We need to do more and use less but most of all we need to get out of the race to have the trinkets that say who we are and realise that all they say now is actually how spiritually shallow we are. To me wealth is not wrong but the trappings of wealth, for me, represent exploitation, somewhere along the line someone and something was exploited.

You cannot buy a green life, you have to live a green life as a whole.

Becoming a vegetarian (says the meat eater but I am trying!) is a wonderful example of doing more and using less, it takes planning and thought to eat well and be a vegetarian.

Any example I give you will be about making more effort and using less resources, that is the easy part, the hard part is to change peoples perception that success, real success, is not how much power and money you have or that you have a marble top kitchen, or the Ferrari parked outside.

Real success is sharing one’s wealth to resource others in your community, this is heart success, it is the key to the mindset that will help create a green life and combat the alternative which is the stealing by force of other’s precious resources, the darker alternative future.
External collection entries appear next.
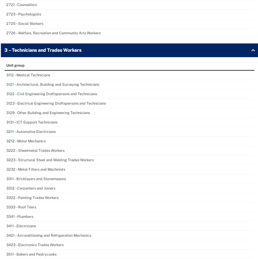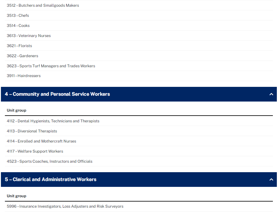 以下是新州2022-23财年190州担保职业列表:
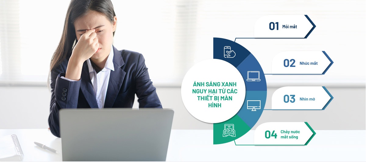 Ánh sáng xanh nguy hại, phát ra từ màn hình tivi, điện thoại, máy tính…đang tấn công, làm tổn thương, phá hủy mắt mỗi giờ, gây nhiều bệnh về mắt nguy hiểm thậm chí mù lòa. Mắt kêu cứu vì khô, đau nhức, mờ, mỏi, chảy nước mắt sống, khó tập trung học tập, làm việc và sinh hoạt.
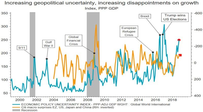 „Dazu gehören die Handelskonflikte zwischen China und den USA, negative Überraschungen beim Wirtschaftswachstum, der Übergang der Fed zu einer eher neutralen Geldpolitik, die Konfrontation zwischen der EU und Italien über den Haushalt des Landes, der Eintritt des Brexit-Verfahrens in eine entscheidende Phase, das Absacken der Ölpreise und die Sorge über eine nachlassende weltweite Gesamtnachfrage.“
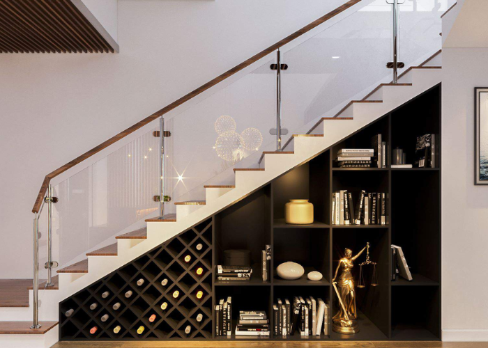 Tối ưu diện tích "chết": Biến khoảng trống dưới cầu thang thành khu vực lưu trữ hữu ích.
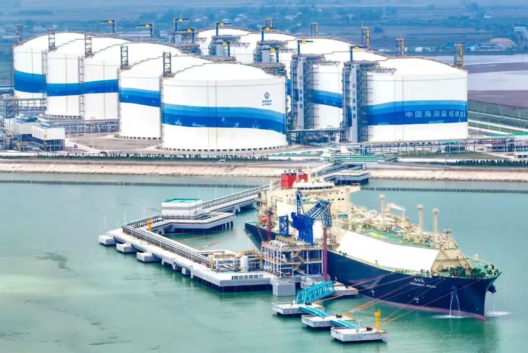 ▲中海油鹽城“綠能港”建成全國規(guī)模最大的液化天然氣儲備基地。
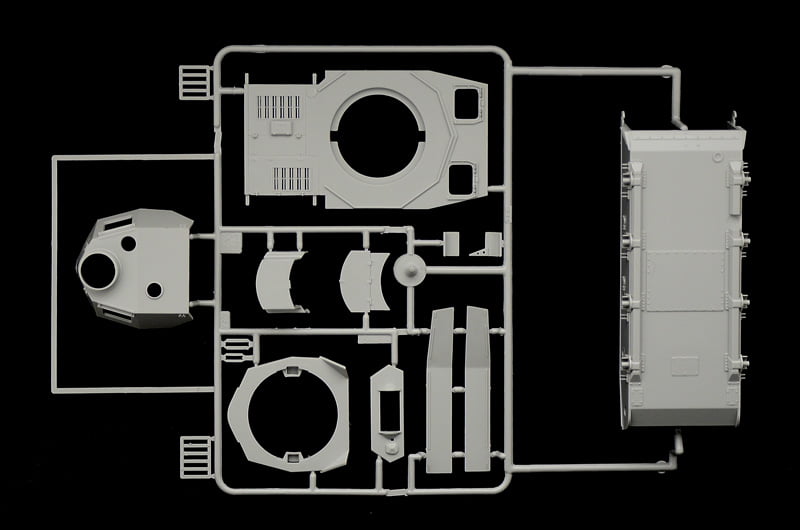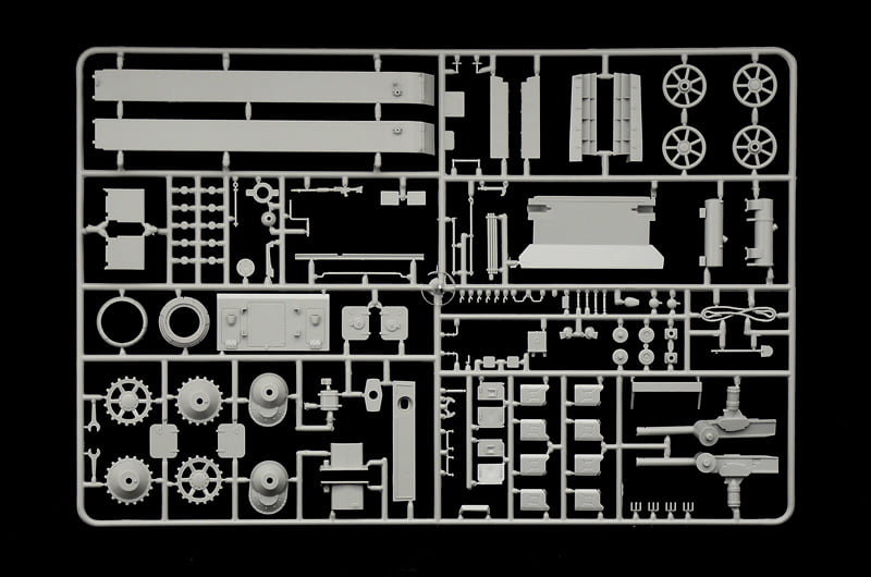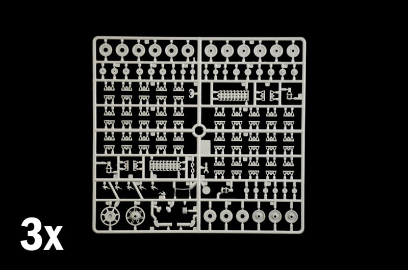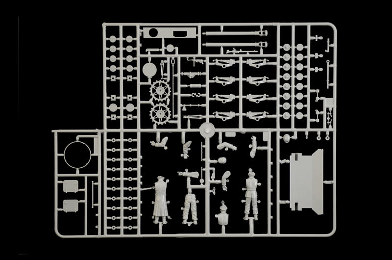 Metal gun barrel – gluable rubber or link-and-length tracks – decals for 5 versions – colors instructions sheet 3 figure included
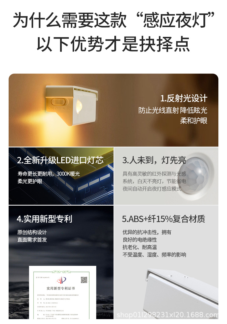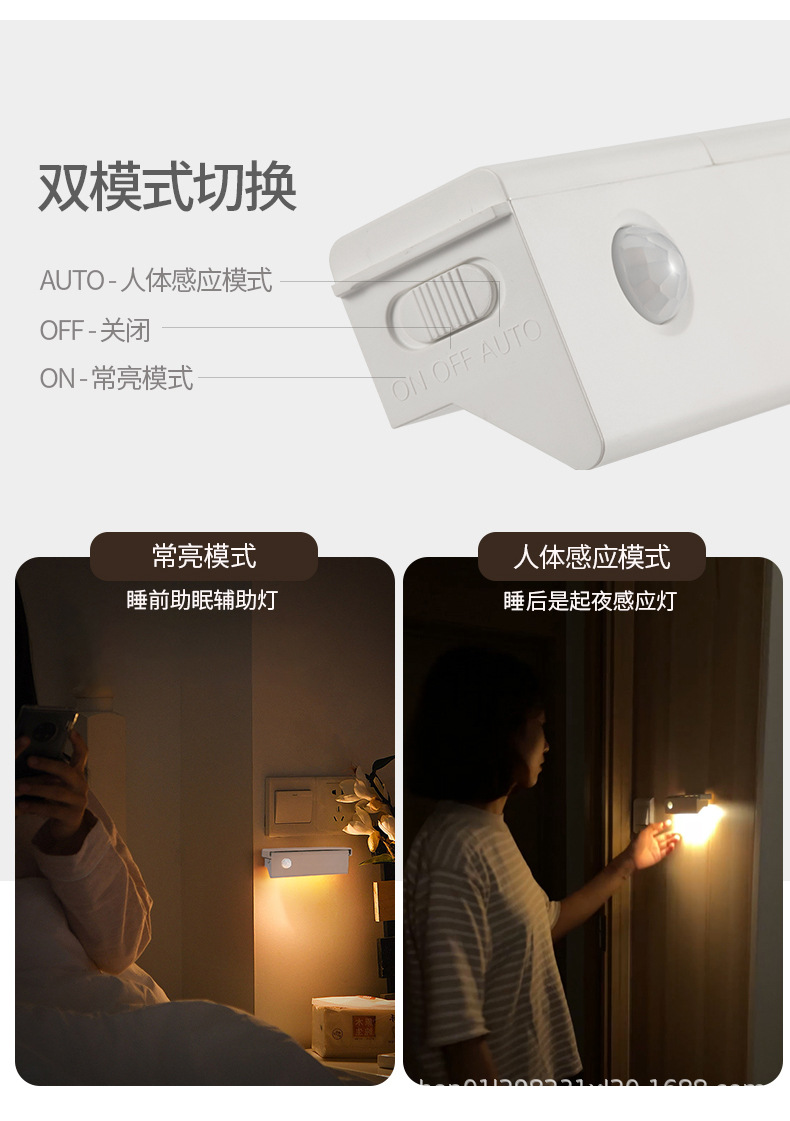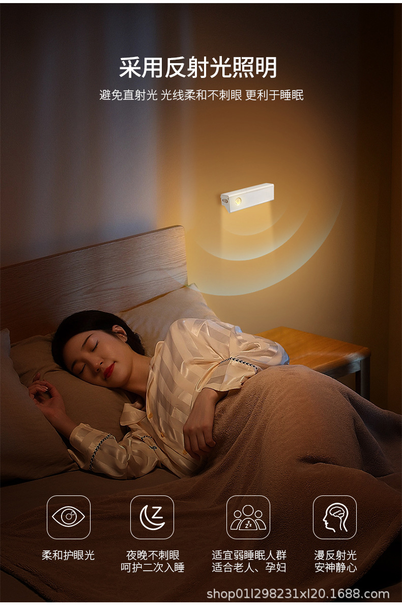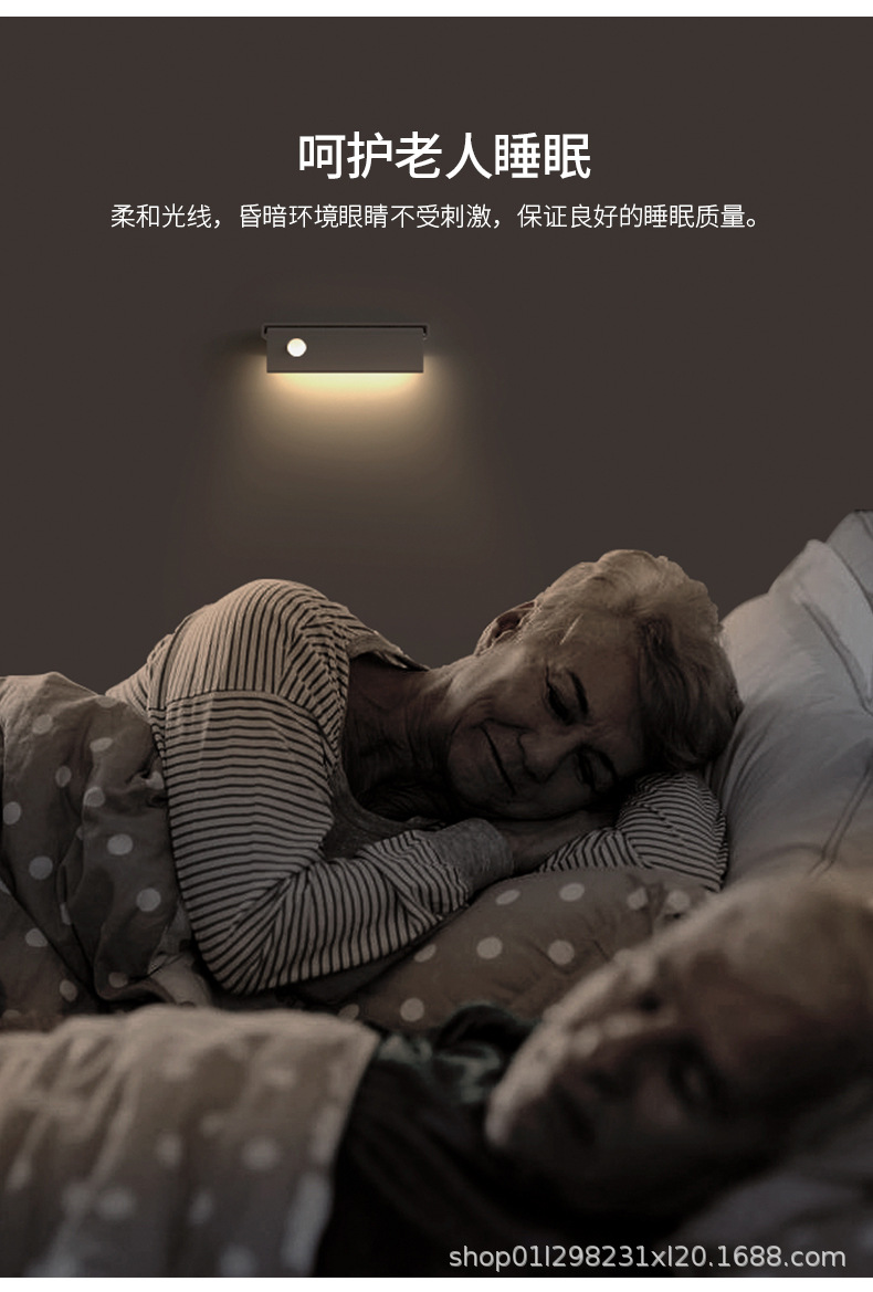 인체 유도 광 감지 무선 충전 눈부심 방지 침실 머리맡 통로 복도 화장실 홈 스마트 야간 조명스토어 가기
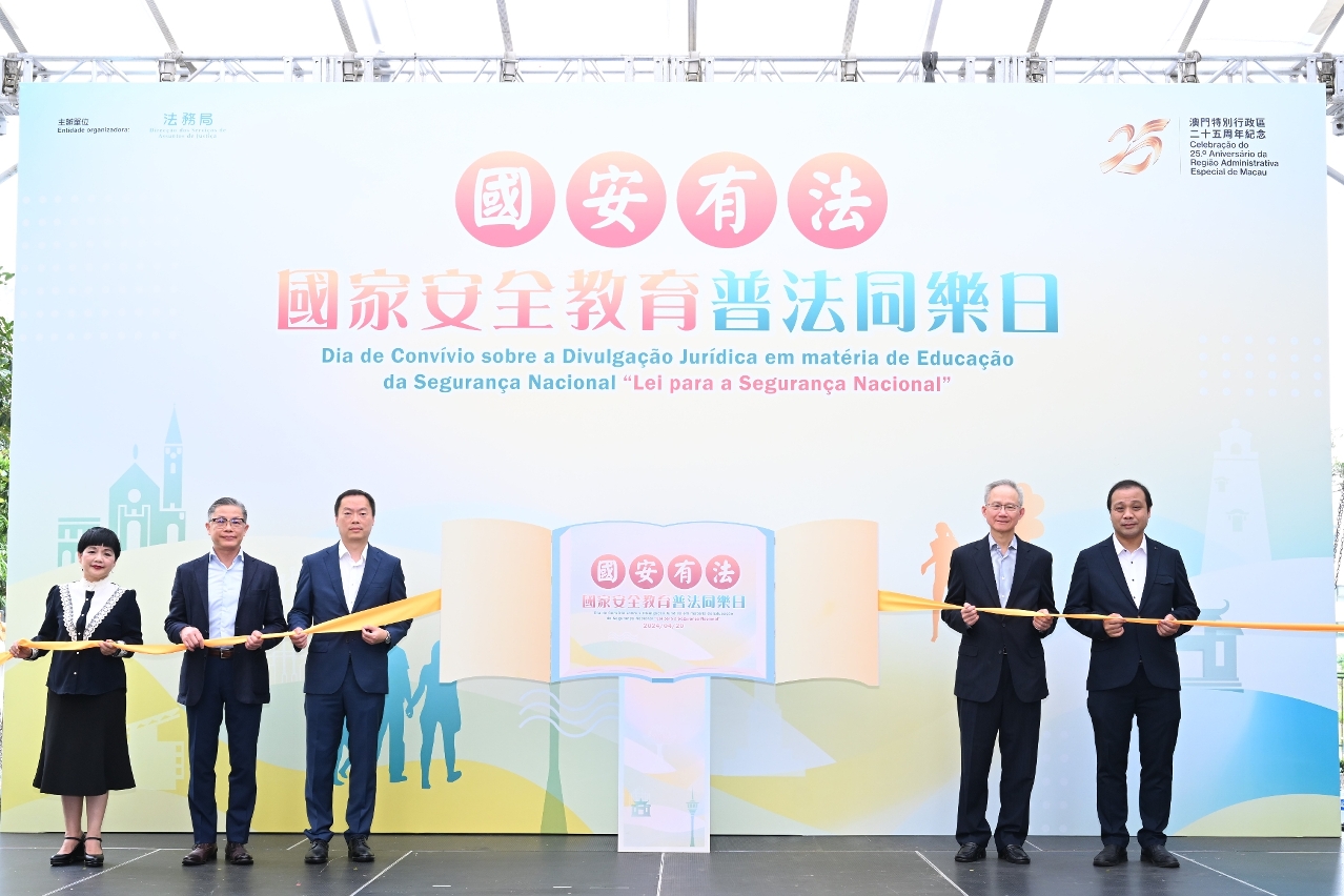 為慶祝中華人民共和國成立75周年及澳門回歸祖國25周年,法務局於今(20)日在氹仔花城公園側之空地舉行“國安有法”國家安全教育普法同樂日,以輕鬆、具趣味性的方式鼓勵大眾學習《維護國家安全法》,現場氣氛熱鬧,吸引逾500人次參與。
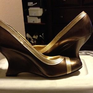 Gold thick zipper belt , wild rose brown and gold wedges , Arden b rabbit fur purse black never worn , red hat really nice bundle
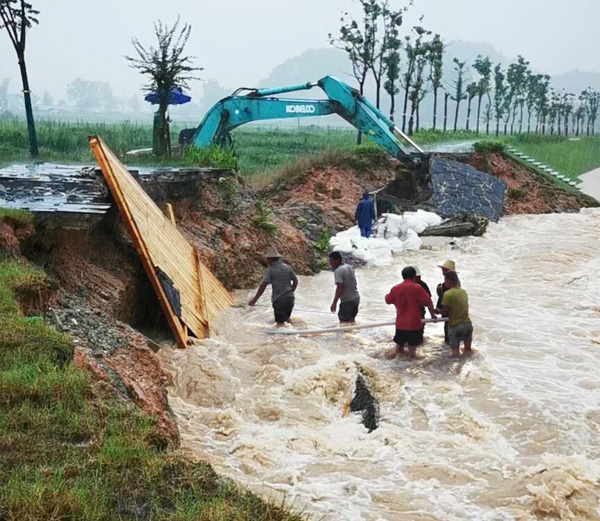 進入7月以來,昌江河流域普降暴雨,橋溪水河水位大漲。7月7日,公司接到業(yè)主汛情通報,已完工驗收工程多處出現(xiàn)險情;汛情就是命令,時間就是生命,公司迅速組建了一支裝備精良、經(jīng)驗豐富的專業(yè)搶險突擊隊,由副總經(jīng)理曾朝文、總經(jīng)理助理杜凌帶隊,連夜奔赴浮梁抗洪一線,組織設(shè)備、人員、材料進場,進行搶險救災(zāi)工作。
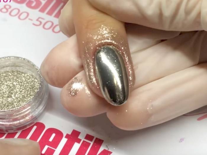 - Металлик. Втирка позволяет сделать зеркальный дизайн ногтей. В баночке она выглядит как металлическая пыль серебристого, платинового или медного оттенка, но при нанесении на ногтевую пластину создается эффект переливающегося «волшебного» зеркала.
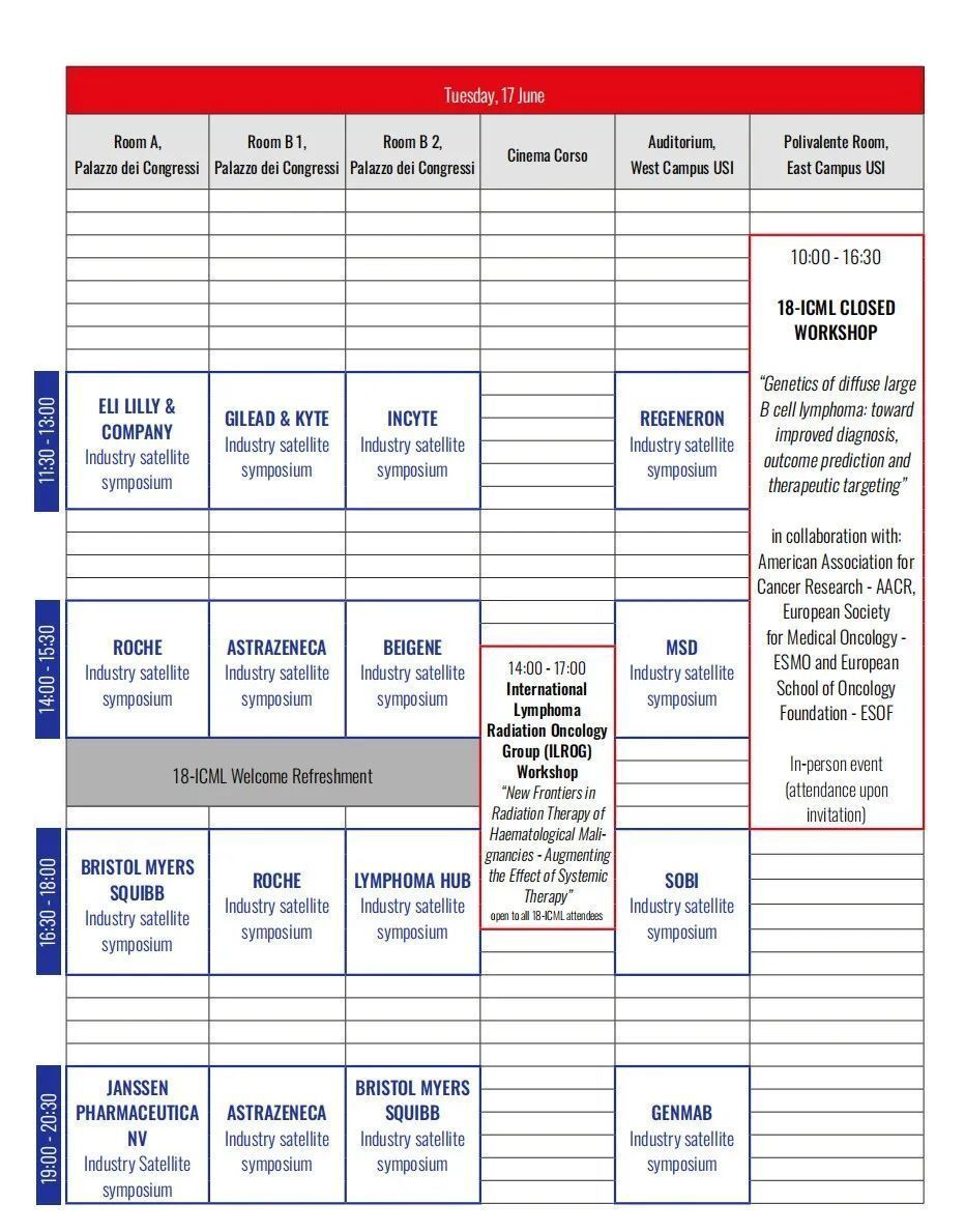此外,还包括科学专场(Scientific Program)、行业专场(Industry Program)、独立卫星研讨会(Independent Satellite Symposia)、研习专场(Workshop)、行业赞助研讨会(Industry Sponsored Symposium)、ESMO-ICML专题讲座(ESMO-ICML Special Lecture)、IBSA基金会专场(IBSA Foundation Special Forum)、闭门研讨会(Closed Workshop Report)、临床病例讨论专场(Clinical Cases Discussion)等专场,通过学术纵深与横向协作的有机融合,构建起覆盖淋巴瘤全链条管理的知识网络,为参会者提供兼具科学创新性与实践指导性的学术体验。

For instance let us look at house wall and roof insulation, why haven’t all the houses built in the western world in the past 30 years had super insulated walls and roofs integrated at the design stage?

It is not because of cost or design factors it is because you can’t park insulation outside, or wear it to a party or show it off to your friends, unlike the success of double glazed windows which can be shown off that don’t save anywhere near as much energy as the unseen insulation

Green living is fun and I admit this post appears to be removing all the fun away from a green lifestyle but I am just trying to be real.

Now if your idea to go green is to buy an electric bike as an addition to all your stuff then you are not really helping anything other than your own ego, but if you buy the bike as a tool, an alternative means of travel it will give you the heart success I speak of, so much so that even on a cold wet evening sat at the traffic lights as the guy in the Ferrari pulls up next to you you may actually feel sorry for him!!